Starting with the line with "This rug's neutral" in the entries below and going on through the line with "6月30日第五步,4年530", output every line exactly and nothing more. No pictures.

Data for the task section start

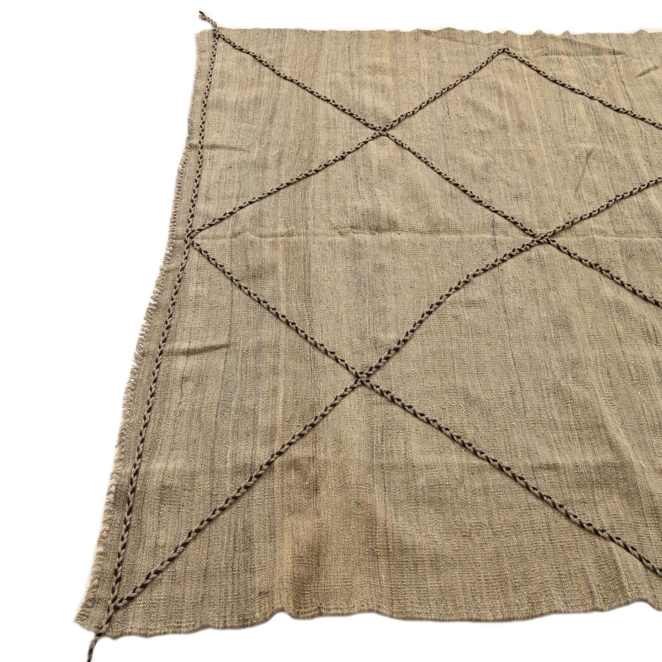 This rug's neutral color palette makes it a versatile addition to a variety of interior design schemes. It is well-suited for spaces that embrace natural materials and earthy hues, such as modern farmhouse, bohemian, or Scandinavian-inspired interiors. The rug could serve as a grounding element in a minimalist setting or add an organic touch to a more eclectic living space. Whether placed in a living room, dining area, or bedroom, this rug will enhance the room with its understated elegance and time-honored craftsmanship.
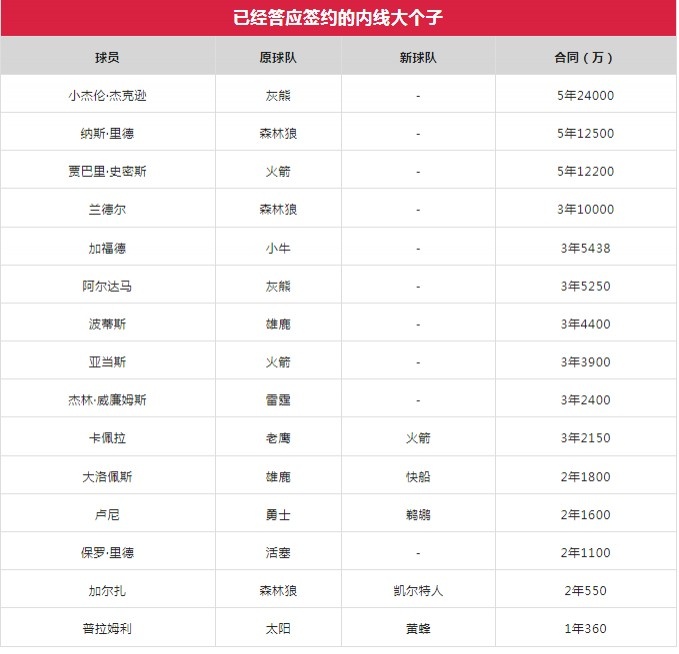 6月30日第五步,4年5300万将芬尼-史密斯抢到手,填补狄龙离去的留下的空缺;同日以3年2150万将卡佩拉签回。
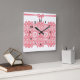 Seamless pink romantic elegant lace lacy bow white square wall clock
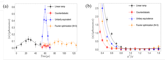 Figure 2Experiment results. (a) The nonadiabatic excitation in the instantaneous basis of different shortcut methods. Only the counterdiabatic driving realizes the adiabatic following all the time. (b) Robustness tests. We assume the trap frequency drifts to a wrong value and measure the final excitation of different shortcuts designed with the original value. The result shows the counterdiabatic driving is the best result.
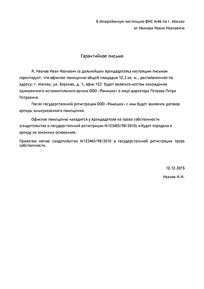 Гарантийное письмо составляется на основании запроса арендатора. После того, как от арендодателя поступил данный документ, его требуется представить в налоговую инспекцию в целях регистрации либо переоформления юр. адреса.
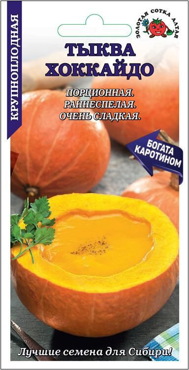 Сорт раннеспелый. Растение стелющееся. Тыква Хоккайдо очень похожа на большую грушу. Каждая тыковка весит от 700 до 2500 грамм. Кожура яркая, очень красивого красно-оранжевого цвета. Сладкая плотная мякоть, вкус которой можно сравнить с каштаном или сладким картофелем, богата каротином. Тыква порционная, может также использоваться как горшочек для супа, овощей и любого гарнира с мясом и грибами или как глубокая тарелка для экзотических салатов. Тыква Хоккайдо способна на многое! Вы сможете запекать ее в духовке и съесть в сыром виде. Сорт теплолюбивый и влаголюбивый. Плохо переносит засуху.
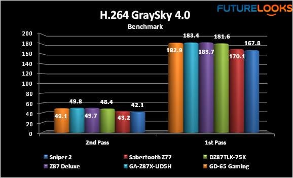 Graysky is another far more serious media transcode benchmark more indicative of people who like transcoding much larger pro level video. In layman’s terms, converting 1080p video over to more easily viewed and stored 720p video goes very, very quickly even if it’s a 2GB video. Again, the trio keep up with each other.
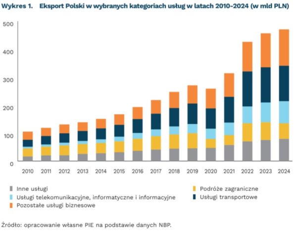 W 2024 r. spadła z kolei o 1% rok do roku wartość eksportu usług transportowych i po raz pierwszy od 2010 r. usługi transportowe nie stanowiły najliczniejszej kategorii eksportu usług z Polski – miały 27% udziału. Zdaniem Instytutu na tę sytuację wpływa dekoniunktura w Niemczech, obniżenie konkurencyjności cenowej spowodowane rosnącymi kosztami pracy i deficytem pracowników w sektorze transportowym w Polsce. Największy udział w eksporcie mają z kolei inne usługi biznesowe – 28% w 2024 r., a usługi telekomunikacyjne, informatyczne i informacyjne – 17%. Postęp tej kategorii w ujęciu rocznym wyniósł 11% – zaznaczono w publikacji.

Data for the task section end
Data for the task section start

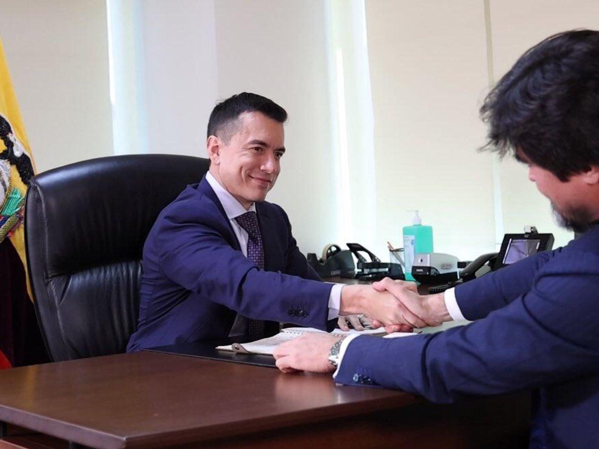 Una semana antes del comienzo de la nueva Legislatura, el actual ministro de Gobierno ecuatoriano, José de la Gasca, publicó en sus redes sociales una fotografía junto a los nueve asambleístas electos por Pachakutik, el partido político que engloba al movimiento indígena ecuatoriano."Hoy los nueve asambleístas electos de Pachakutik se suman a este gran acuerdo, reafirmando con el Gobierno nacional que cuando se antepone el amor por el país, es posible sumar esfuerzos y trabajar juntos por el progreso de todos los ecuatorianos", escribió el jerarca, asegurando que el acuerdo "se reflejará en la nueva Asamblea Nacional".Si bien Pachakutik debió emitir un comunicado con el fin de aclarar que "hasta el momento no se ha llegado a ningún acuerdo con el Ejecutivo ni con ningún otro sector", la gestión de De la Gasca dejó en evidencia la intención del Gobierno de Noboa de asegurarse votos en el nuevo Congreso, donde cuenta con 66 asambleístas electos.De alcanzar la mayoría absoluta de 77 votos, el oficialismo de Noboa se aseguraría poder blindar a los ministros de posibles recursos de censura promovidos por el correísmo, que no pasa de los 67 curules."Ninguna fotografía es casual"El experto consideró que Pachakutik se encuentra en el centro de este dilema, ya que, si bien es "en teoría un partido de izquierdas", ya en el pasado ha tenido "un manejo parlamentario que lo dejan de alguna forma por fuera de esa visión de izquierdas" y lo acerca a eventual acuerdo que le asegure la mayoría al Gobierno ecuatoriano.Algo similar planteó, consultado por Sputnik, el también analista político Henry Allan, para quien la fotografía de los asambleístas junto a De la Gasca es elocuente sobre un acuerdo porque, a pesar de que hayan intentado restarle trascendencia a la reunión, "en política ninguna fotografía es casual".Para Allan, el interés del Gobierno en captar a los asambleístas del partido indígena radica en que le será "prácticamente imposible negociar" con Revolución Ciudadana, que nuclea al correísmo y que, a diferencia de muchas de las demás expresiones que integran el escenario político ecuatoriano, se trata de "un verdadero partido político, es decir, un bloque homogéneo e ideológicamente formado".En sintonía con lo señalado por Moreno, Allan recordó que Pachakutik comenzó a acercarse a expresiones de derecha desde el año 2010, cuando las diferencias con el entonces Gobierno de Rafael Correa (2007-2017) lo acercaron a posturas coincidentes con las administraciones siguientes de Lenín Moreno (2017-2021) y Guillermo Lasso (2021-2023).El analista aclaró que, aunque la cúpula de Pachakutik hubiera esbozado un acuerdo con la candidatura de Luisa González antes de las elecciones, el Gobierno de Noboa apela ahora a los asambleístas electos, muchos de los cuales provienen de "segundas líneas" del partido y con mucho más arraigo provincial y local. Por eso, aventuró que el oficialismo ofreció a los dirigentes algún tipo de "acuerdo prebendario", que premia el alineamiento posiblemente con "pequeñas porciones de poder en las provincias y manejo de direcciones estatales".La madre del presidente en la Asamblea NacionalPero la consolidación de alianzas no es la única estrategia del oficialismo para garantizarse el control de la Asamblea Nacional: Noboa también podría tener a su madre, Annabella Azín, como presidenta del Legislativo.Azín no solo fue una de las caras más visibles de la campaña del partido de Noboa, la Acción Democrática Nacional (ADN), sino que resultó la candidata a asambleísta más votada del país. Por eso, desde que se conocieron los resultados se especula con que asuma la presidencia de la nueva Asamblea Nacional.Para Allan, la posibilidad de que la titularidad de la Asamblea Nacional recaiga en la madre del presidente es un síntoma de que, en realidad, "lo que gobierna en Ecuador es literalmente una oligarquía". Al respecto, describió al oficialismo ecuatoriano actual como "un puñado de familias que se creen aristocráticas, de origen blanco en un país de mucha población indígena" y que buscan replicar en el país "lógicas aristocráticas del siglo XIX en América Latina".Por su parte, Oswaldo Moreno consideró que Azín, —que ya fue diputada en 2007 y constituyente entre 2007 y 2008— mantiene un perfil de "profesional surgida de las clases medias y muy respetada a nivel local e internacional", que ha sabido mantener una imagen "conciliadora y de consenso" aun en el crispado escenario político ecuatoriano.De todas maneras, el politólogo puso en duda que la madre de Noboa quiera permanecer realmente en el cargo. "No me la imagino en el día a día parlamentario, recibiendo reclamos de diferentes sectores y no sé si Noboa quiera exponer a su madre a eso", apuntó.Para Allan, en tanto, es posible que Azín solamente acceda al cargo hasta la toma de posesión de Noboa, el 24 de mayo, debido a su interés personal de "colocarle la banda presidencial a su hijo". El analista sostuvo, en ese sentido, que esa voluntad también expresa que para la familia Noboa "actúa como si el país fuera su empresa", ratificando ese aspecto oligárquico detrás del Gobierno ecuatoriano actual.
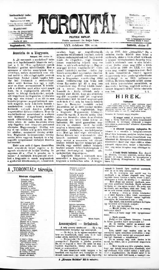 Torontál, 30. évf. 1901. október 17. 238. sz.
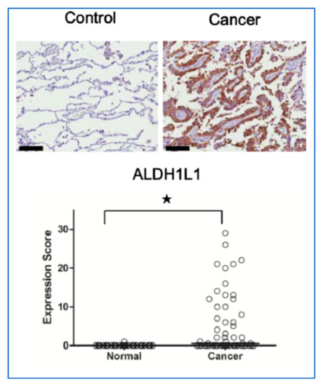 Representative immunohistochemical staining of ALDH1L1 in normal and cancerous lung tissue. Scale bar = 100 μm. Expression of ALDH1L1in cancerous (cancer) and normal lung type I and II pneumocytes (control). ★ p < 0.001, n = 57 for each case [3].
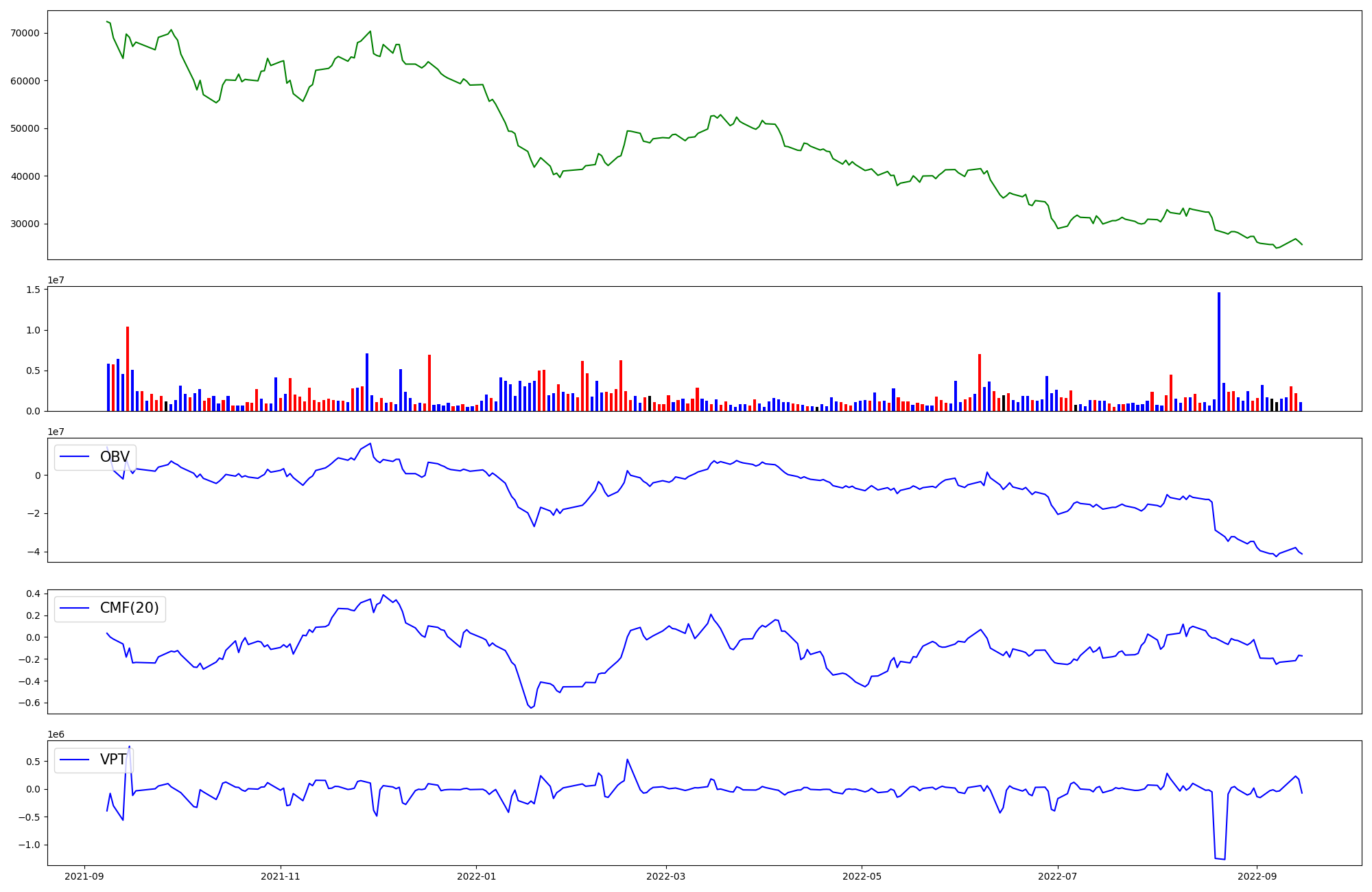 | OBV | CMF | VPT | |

Data for the task section end

§ Answer for the task
 This rug's neutral color palette makes it a versatile addition to a variety of interior design schemes. It is well-suited for spaces that embrace natural materials and earthy hues, such as modern farmhouse, bohemian, or Scandinavian-inspired interiors. The rug could serve as a grounding element in a minimalist setting or add an organic touch to a more eclectic living space. Whether placed in a living room, dining area, or bedroom, this rug will enhance the room with its understated elegance and time-honored craftsmanship.
 6月30日第五步,4年5300万将芬尼-史密斯抢到手,填补狄龙离去的留下的空缺;同日以3年2150万将卡佩拉签回。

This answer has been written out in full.